What Haiti needs is long term assistance. Not just money but expertise in education, resource management, entrepreneurship, and government reform. $100 million dollars from Canada will rebuild a lot of infrastructure but to maintain that infrastructure and build human capital to lift the nation out of poverty takes commitment. Years and years of commitment.

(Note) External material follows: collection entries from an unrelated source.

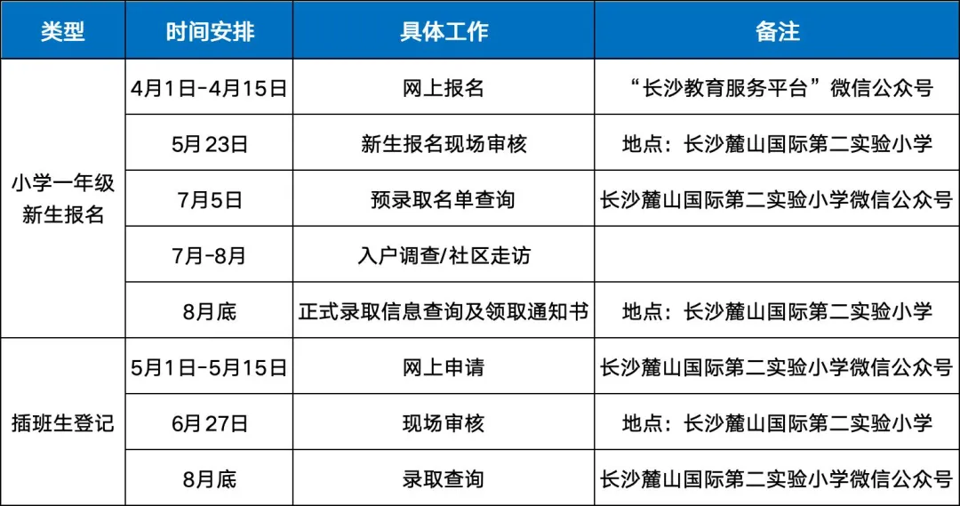 3.请密切关注“长沙麓山国际第二实验小学”微信公众号,所有招生信息都将在公众号及时公布。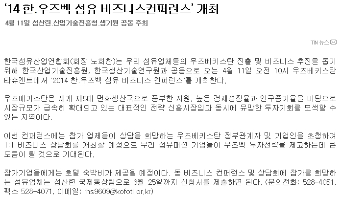 Çѱ¹¼¶À¯»ê¾÷¿¬ÇÕȸ(ȸÀå ³ëÈñÂù)´Â ¿ì¸® ¼¶À¯¾÷üµéÀÇ ¿ìÁŰ½ºÅº ÁøÃâ ¹× ºñÁî´Ï½º ÃßÁøÀ» µ½±â À§ÇØ Çѱ¹»ê¾÷±â¼úÁøÈï¿ø, Çѱ¹»ý»ê±â¼ú¿¬±¸¿ø°ú °øµ¿À¸·Î ¿À´Â 4¿ù 11ÀÏ ¿ÀÀü 10½Ã ¿ìÁŰ½ºÅº Ÿ½´ÄËÆ®¿¡¼ ¡®2014 ÇÑ․¿ìÁ ¼¶À¯ ºñÁî´Ï½º ÄÁÆÛ·±½º¡¯¸¦ °³ÃÖÇÑ´Ù.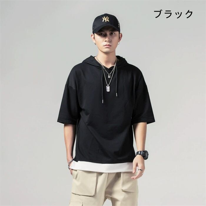 ■商品:パーカー プルオーバー 五分袖 重ね着風 メンズ 4色 M-5XL トップス カジュアル 無地 カットソー ゆったり 韓国 ファッション コーデ おすすめ カジュアル きれいめ 大きいサイズ 人気 ゆったり 20代 30代 40代 50代

Let’s hope that we don’t repeat our mistakes of the 90s and this time we follow through and support our Haitian neighbours as they rebuild not only their homes but a better life.


  1. felix ntube says:

    >It's a pity we have to discuss this part now when we should be mourning and trying to rebuild the rebuildable.But as you rightly outlined,the problems that are facing Haiti and other countries in similar conditions,is a total neglect by the world giants or super powers,who are always ready to mediatize their aid suddenly when there is a harvoc and also bad governance.I believe if we actually want poverty and disease to be eradicated in these places,something more important should be done.After the world war for example,there was instituted a MARSHALL PLAN in many countries that more than boosted their economies and livelihoods.Why has this not been done in poor nations like Haiti and given a strict followup?How long will the humanitarian community continue to give aid without seeking solutions and implanting structures to render the masses self sufficient?There are many ways to achieve certain results if we are really willing,but as we all know,if there's no hasard,be it whatever,there won't be any concrete intervention.And worse still,reinstalling some calm and disappearing later,killing the hopes instilled in millions of people;thus pushing them back to the walls…SQUARE ONE.All we need i believe firmly,is a sought of MARSHALL PLAN,guaranteed by an organised international follow up which obviously will yield better fruits in all this cases.Stay blessed!

  2. Lauren Sheil says:

    >I couldn't agree more. The problem is the UN, World Bank, IMF and most importantly the United States would never support something so socialist as a Marshall Plan today.

  3. Andrew33 says:

    >As always, the USA is the first to help and has donated more money, supplies, ect. than the rest of the world combined. So when will we have a leader strong enough to stand up to the rest of the world and demand that all the aid we give to thhe rest of the world be discounted from our national debt which is not incurred by the United States but is incurred by the FED (Federal Reserve Bank) which is a cabal of international bankers, hedge fund managers and oil barons. The United States gives away hundreds of billions of dollars of aid every year and neither gets nor asks for anything in return. Now we have a spineless excuse for a leader that feels we owe the world an apology for our generosity. These actions have incurred the wrath of the American People who will protest in April by civil disobediencece…i.e. Not paying income taxes since our "representative" government only represents special interests, unions and huge corporations who have have had a major say in Tarp, Stimulus and especially the biggest example of corruption of them all, the Obama healthcare destruction act. You are correct about the Americans not supporting anything so socialist as a Marshall Plan…Reason being we would be the ones that would have to pay for it. We are already furious because the person claiming tone our President is more interested in pursuing a corrupt socialist agenda than leading the country. That is why Massachusetts voters are about to hand the Senate seat that belonged to the Kennedy family and their cronies for 30 years back to the people. Don't get me wrong, I support giving all the aid possible to Haiti, but I also believe that the rest of the world should either pony up or pay for their own defense and get out of the way, especially where our politics are concerned. We don't like, don't want, and will not accept socialism. That is why Mr Obama is now so unpopular.

  4. Lauren Sheil says:

    >And that is also why, in opinion polls all over the world people claim that the American public just doesn't get it. You are on the wrong side of history my friend. Socialism is the form of society that will servive the 21st century. The Marshal Plan saved Europe after WWII and it was an American idea.